Work instruction |
Look through the data below and extract, unchanged, the lines from the one that contains "Three Chinese disease" to the one that contains "Per donna Blusa", both included.

Data |
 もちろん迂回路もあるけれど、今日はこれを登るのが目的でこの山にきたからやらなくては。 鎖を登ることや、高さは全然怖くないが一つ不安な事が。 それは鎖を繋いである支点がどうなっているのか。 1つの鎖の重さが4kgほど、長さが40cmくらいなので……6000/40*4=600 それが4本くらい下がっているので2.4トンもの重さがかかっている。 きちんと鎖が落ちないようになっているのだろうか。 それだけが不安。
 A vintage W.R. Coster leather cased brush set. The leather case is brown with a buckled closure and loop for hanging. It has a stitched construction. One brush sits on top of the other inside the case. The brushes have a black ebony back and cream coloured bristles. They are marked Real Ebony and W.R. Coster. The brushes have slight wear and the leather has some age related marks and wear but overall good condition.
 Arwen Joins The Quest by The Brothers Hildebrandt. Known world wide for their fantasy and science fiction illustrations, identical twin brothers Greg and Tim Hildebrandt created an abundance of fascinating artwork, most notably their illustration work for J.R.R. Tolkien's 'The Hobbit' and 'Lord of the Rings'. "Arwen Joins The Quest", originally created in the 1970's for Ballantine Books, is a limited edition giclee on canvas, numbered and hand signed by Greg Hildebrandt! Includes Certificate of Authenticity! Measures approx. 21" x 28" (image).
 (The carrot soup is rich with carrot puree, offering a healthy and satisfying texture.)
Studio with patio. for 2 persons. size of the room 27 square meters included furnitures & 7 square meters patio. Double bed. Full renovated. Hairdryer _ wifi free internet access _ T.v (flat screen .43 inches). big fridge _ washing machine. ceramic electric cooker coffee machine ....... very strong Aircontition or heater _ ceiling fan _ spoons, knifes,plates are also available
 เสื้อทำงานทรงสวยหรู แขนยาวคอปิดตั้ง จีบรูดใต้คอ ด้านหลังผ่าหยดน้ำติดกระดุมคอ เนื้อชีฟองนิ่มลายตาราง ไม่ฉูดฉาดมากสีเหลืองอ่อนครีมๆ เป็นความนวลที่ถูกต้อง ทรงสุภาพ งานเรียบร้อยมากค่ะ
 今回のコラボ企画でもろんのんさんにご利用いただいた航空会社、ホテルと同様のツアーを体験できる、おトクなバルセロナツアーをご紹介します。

==

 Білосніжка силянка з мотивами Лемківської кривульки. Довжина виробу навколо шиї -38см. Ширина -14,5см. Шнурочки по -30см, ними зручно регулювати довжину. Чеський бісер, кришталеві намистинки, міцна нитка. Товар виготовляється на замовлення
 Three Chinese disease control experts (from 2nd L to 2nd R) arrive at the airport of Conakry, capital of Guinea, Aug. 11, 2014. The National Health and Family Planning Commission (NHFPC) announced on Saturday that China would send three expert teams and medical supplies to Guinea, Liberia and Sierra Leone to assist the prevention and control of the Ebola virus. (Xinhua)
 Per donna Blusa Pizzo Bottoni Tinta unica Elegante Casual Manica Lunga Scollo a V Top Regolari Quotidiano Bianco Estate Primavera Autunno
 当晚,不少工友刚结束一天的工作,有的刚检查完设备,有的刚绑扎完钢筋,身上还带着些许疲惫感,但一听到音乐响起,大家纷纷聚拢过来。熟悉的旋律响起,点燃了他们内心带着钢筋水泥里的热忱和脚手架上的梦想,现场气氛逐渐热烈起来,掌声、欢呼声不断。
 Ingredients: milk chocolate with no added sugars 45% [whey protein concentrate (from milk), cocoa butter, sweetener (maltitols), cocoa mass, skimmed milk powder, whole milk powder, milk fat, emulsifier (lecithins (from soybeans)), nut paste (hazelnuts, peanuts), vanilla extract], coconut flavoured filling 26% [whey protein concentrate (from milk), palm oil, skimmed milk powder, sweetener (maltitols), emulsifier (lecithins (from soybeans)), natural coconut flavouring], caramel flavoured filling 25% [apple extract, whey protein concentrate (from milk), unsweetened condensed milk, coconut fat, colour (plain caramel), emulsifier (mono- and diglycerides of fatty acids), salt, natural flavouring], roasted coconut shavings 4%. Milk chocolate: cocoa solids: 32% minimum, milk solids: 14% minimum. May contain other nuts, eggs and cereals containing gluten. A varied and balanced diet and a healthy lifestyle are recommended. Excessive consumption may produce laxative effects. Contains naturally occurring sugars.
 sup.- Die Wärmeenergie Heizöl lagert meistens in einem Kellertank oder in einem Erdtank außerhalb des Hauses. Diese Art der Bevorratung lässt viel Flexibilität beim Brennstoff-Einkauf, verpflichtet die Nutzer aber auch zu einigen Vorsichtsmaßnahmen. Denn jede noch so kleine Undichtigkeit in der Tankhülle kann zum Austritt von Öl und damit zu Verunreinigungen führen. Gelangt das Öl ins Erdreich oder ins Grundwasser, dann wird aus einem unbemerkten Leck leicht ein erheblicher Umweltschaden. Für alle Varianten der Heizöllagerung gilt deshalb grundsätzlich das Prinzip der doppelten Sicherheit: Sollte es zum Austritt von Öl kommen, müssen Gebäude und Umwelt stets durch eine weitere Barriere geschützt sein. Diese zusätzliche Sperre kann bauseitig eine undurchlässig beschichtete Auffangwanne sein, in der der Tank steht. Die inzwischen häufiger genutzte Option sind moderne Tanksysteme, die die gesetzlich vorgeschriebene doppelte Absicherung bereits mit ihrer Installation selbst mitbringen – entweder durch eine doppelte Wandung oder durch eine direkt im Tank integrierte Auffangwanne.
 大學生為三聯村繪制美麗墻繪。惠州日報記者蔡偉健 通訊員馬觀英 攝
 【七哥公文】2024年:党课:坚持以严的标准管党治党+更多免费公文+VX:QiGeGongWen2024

Solution below |
 Three Chinese disease control experts (from 2nd L to 2nd R) arrive at the airport of Conakry, capital of Guinea, Aug. 11, 2014. The National Health and Family Planning Commission (NHFPC) announced on Saturday that China would send three expert teams and medical supplies to Guinea, Liberia and Sierra Leone to assist the prevention and control of the Ebola virus. (Xinhua)
 Per donna Blusa Pizzo Bottoni Tinta unica Elegante Casual Manica Lunga Scollo a V Top Regolari Quotidiano Bianco Estate Primavera Autunno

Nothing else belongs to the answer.